In 1881, Phares published the Farmer's book of grasses and other forage plants, for the southern United States. The book was reported to be the first publication by a faculty member from Mississippi's A&M College. Phares became widely recognized as an authority on agriculture through his interactions with farmers and the numerous articles he wrote for agricultural, veterinary, and medical publications.

Phares served as a member of the first Mississippi State Board of Health which was established in 1877.

In honor of his significant contributions to the state, Phares was inducted into the Mississippi Hall of Fame.

==Personal life==
In 1836, Phares married Mary Armstrong Nesmith from Amite County, Mississippi, and they became the parents of eight children – three sons and five daughters.

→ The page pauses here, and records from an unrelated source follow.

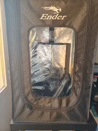 Cabina protectora para impresoras 3D, compatible con modelos tipo Ender. Diseñada para crear un entorno controlado para la impresión. - Material exterior de tela resistente. - Ventana transparente para visualización. - Cierre de cremallera frontal.
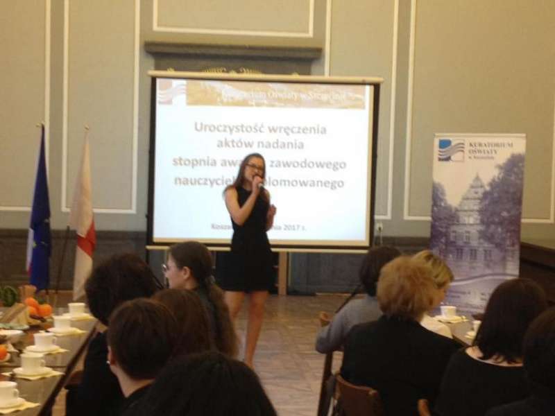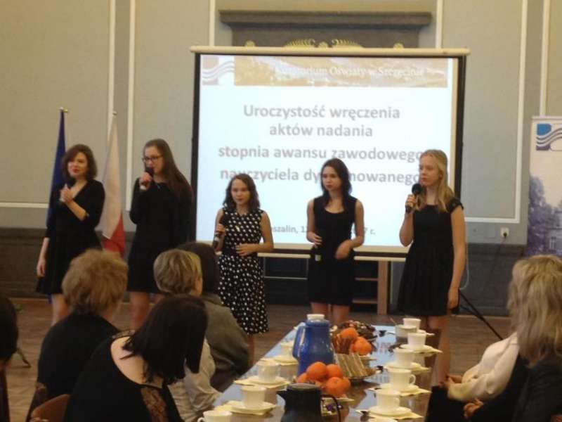 Pałacowy Zespół Czarno na Białym, prowadzony przez Panią Małgorzatę Orłowską wystąpił podczas uroczystości wręczenia aktów nadania stopnia awansu zawodowego nauczyciela dyplomowanego, w Zachodniopomorskim Kuratoraium Oświaty – Delegatura w Koszalinie
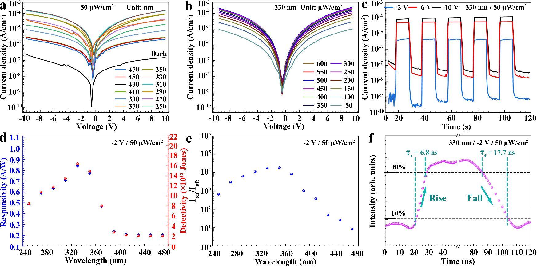 Photoelectric properties of the SATO thin film. (a-c) Photocurrent response curves under different wavelengths, light intensities, and bias voltages. The SATO film shows the strongest response to 330 nm ultraviolet light and excellent weak-light detection capability. (d, e) Responsivity, detectivity, and on/off ratio performance at different wavelengths. The SATO film demonstrates outstanding overall photoelectric performance. (f) Time-resolved transient photoresponse curves. The SATO film exhibits nanosecond-level ultrafast response speed. (Image by IMR)

Following the death of his first wife in 1876, Phares married Laura Blanche Duquercron from Starkville, Mississippi in 1881. They were the parents of two sons, but both died in infancy.

Phares retired from Mississippi's Agricultural and Mechanical College in 1889 and moved to Madison Station, Mississippi. In his later years, Phares was stricken by a number of strokes and died on September 19, 1892. He was buried at Montgomery Cemetery in Madison, Mississippi.